- _TASK TO CARRY OUT_
Would you retype exactly the lines below, starting with the one that has "下のの右打ちランプ点灯の写真" and going on through the one that has "Dell Premier Wireless", with no pictures and nothing else?

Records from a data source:
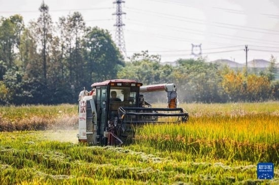 近日,浙江省湖州市吳興區(qū)東林鎮(zhèn)萬畝稻田迎來豐收季,當(dāng)?shù)胤N糧戶搶抓農(nóng)時(shí),趁著天氣晴好搶收水稻,確保顆粒歸倉。目前,東林鎮(zhèn)全鎮(zhèn)水稻種植面積20000余畝。
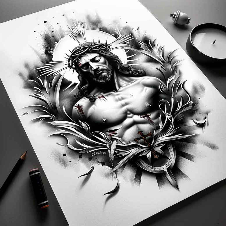 This AI-generated tattoo project presents a bold black-and-grey representation of Jesus, depicted with a radiant halo and a crown of thorns, encircled by a wreath of leaves and twisting branches. The composition blends realism with graphic flourishes, using gradated shading, fine line detailing, and high contrast to make the central figure pop against the ornamental surround. The halo radiates light through crisp linework and soft feathering, while the crown of thorns encircles the brow as a symbol of sacrifice and redemption. The surrounding botanical motif leaves, branches, and a vine-like ripple operates as both frame and pattern, reinforcing the eternal circle of faith. Executed as a single-panel piece in black and grey ink, this design emphasizes depth and texture: smooth gradients in the skin tones contrast with dense blacks in the hair and shading under the jaw, creating a lifelike presence while preserving strong readability at larger scales. The symbolism is intentionally layered: Jesus as divine king; the halo symbolizing sanctity and truth; the crown of thorns marking endurance and sacrifice; and the circular wreath evoking eternity and renewal. The piece is highly suitable for cover-up applications due to its dense black work around the vignette, which can efficiently conceal underlying tattoos while allowing new details to integrate with existing skin tones. For enthusiasts of meaningful tattoos and custom tattoo design, this piece offers a bold statement of faith, a timeless religious icon reimagined with botanical geometry, and a visually arresting study in black and grey realism. The design can be scaled from forearm to chest, adapting the detailed line-work and shading to maintain impact across sizes. It also aligns with modern trends in religious iconography and religious-themed tattoos, while offering flexibility for color or further embellishment if desired. In short, this is a cover-up-friendly, pattern-rich, and spiritually resonant tattoo design that blends reverence with artful technique, ideal for those seeking a permanent reminder of faith through a powerful AI-generated tattoo project.
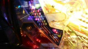 下のの右打ちランプ点灯の写真ですが、左上に大当たりや保留表示7セグランプがあるのですが、再左列がへそ保留の大当たりセグです。
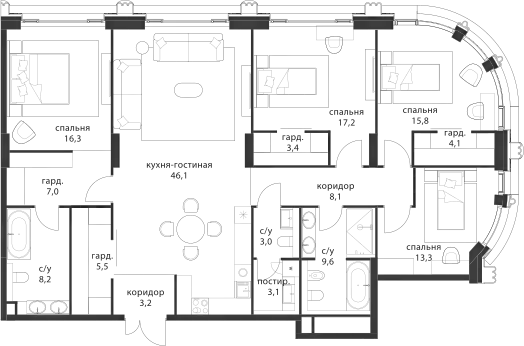 В комплексе предложен большой выбор элитных лотов: от функциональных однокомнатных квартир до семейных резиденций и пентхаусов со вторым светом. Есть и редкие форматы: с окнами в ванных, молированным угловым остеклением, возможностью установки камина. В квартирах спроектированы панорамные окна «в пол» и двухстворчатые двери. В более чем 50% квартир предусмотрены террасы, лоджии и балконы. Квартиры сдаются без отделки и внутренних перегородок.
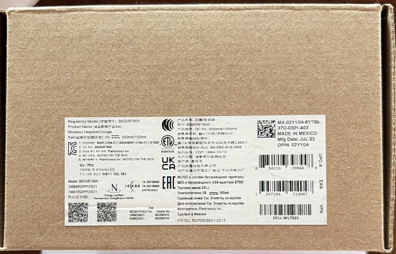Dell Premier Wireless Headset Plantronics Voyager Bluetooth B825/BT600 2Y1G4
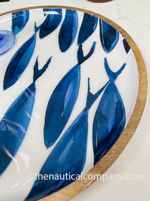 Beautiful sea life theme round platter handcrafted in mango wood and decorated with an enamel design of large blue fishes over a white background.

- _ANSWER TO THE EXERCISE_
 下のの右打ちランプ点灯の写真ですが、左上に大当たりや保留表示7セグランプがあるのですが、再左列がへそ保留の大当たりセグです。
 В комплексе предложен большой выбор элитных лотов: от функциональных однокомнатных квартир до семейных резиденций и пентхаусов со вторым светом. Есть и редкие форматы: с окнами в ванных, молированным угловым остеклением, возможностью установки камина. В квартирах спроектированы панорамные окна «в пол» и двухстворчатые двери. В более чем 50% квартир предусмотрены террасы, лоджии и балконы. Квартиры сдаются без отделки и внутренних перегородок.
Dell Premier Wireless Headset Plantronics Voyager Bluetooth B825/BT600 2Y1G4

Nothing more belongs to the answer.